-------- Supplied material --------

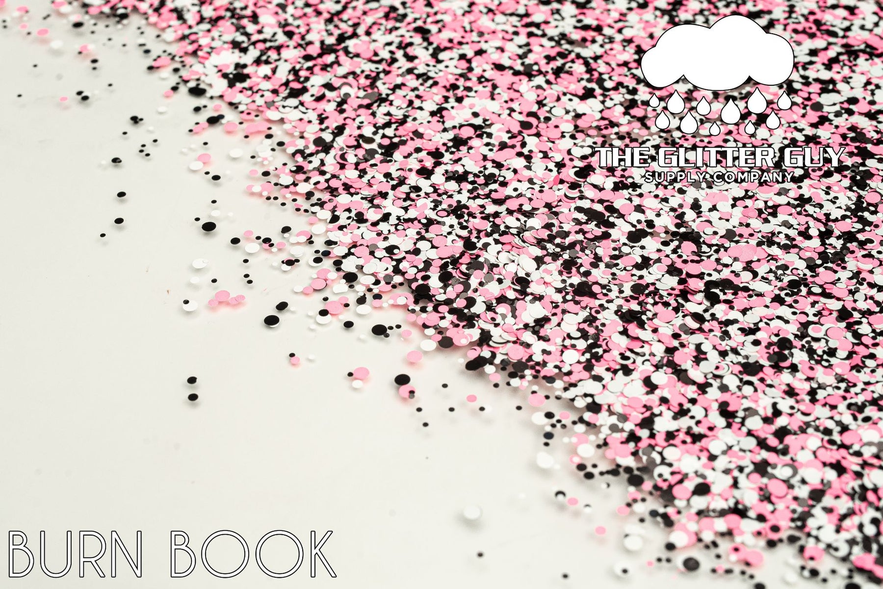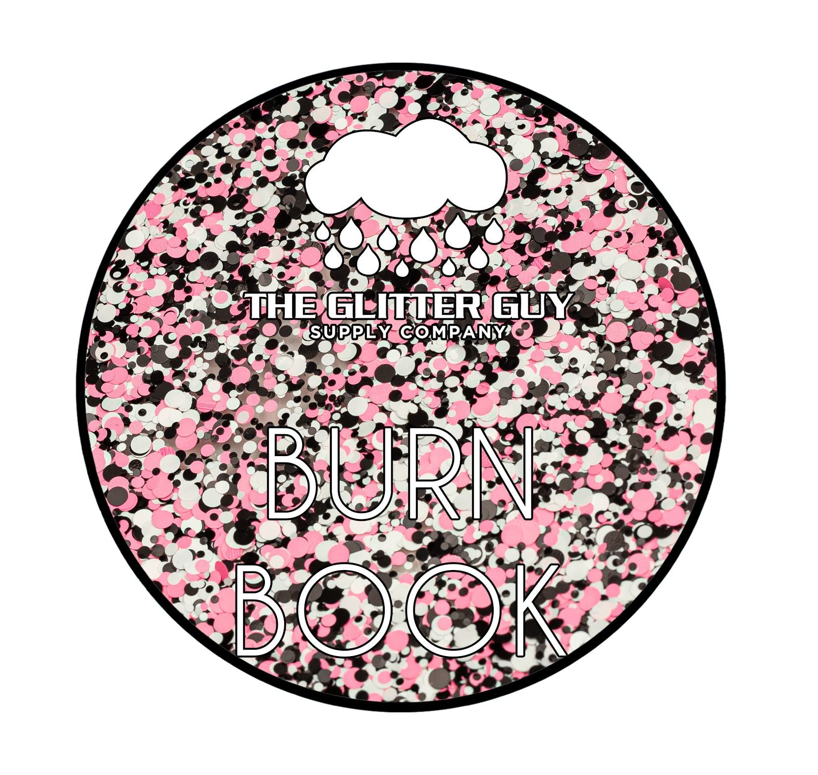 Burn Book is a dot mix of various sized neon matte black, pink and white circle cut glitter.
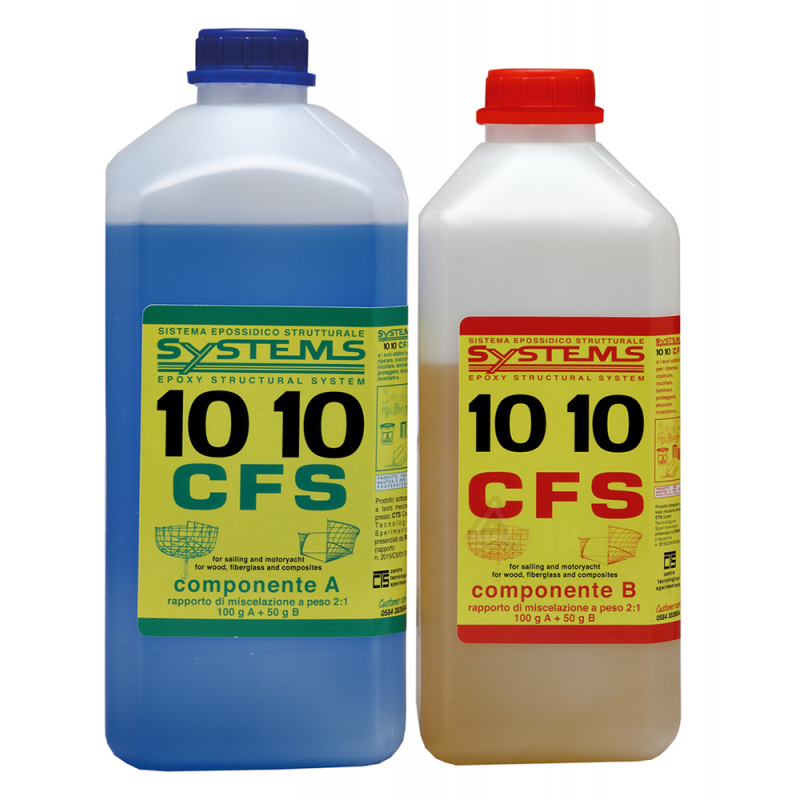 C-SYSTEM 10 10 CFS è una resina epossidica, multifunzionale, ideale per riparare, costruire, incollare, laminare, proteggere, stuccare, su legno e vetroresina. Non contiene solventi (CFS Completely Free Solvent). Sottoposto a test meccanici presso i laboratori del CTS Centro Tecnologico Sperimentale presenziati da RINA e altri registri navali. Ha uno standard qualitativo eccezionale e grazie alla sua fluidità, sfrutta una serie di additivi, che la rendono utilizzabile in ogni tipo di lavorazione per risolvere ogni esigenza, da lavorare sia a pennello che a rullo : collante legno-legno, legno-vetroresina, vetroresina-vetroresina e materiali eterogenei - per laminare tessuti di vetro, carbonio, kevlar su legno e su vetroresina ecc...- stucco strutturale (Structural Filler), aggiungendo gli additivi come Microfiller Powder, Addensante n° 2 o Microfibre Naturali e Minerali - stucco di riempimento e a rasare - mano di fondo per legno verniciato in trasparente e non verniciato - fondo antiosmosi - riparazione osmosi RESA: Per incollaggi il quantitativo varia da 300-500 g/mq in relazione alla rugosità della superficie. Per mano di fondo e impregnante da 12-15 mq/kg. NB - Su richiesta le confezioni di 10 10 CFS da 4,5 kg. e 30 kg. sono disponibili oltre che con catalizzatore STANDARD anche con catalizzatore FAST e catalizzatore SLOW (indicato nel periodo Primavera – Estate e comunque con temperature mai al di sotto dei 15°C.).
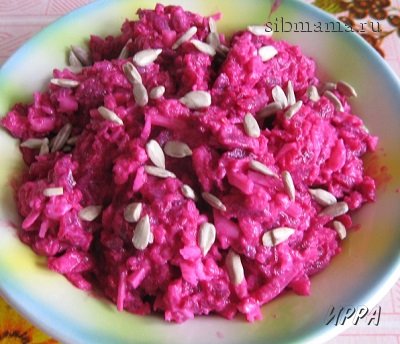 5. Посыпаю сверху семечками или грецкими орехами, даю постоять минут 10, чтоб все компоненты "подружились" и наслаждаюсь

--------

◆ **Action item**
Restate the material word for word; no picture should appear in the copy.

◆ **Completed exercise**
 Burn Book is a dot mix of various sized neon matte black, pink and white circle cut glitter.
 C-SYSTEM 10 10 CFS è una resina epossidica, multifunzionale, ideale per riparare, costruire, incollare, laminare, proteggere, stuccare, su legno e vetroresina. Non contiene solventi (CFS Completely Free Solvent). Sottoposto a test meccanici presso i laboratori del CTS Centro Tecnologico Sperimentale presenziati da RINA e altri registri navali. Ha uno standard qualitativo eccezionale e grazie alla sua fluidità, sfrutta una serie di additivi, che la rendono utilizzabile in ogni tipo di lavorazione per risolvere ogni esigenza, da lavorare sia a pennello che a rullo : collante legno-legno, legno-vetroresina, vetroresina-vetroresina e materiali eterogenei - per laminare tessuti di vetro, carbonio, kevlar su legno e su vetroresina ecc...- stucco strutturale (Structural Filler), aggiungendo gli additivi come Microfiller Powder, Addensante n° 2 o Microfibre Naturali e Minerali - stucco di riempimento e a rasare - mano di fondo per legno verniciato in trasparente e non verniciato - fondo antiosmosi - riparazione osmosi RESA: Per incollaggi il quantitativo varia da 300-500 g/mq in relazione alla rugosità della superficie. Per mano di fondo e impregnante da 12-15 mq/kg. NB - Su richiesta le confezioni di 10 10 CFS da 4,5 kg. e 30 kg. sono disponibili oltre che con catalizzatore STANDARD anche con catalizzatore FAST e catalizzatore SLOW (indicato nel periodo Primavera – Estate e comunque con temperature mai al di sotto dei 15°C.).
 5. Посыпаю сверху семечками или грецкими орехами, даю постоять минут 10, чтоб все компоненты "подружились" и наслаждаюсь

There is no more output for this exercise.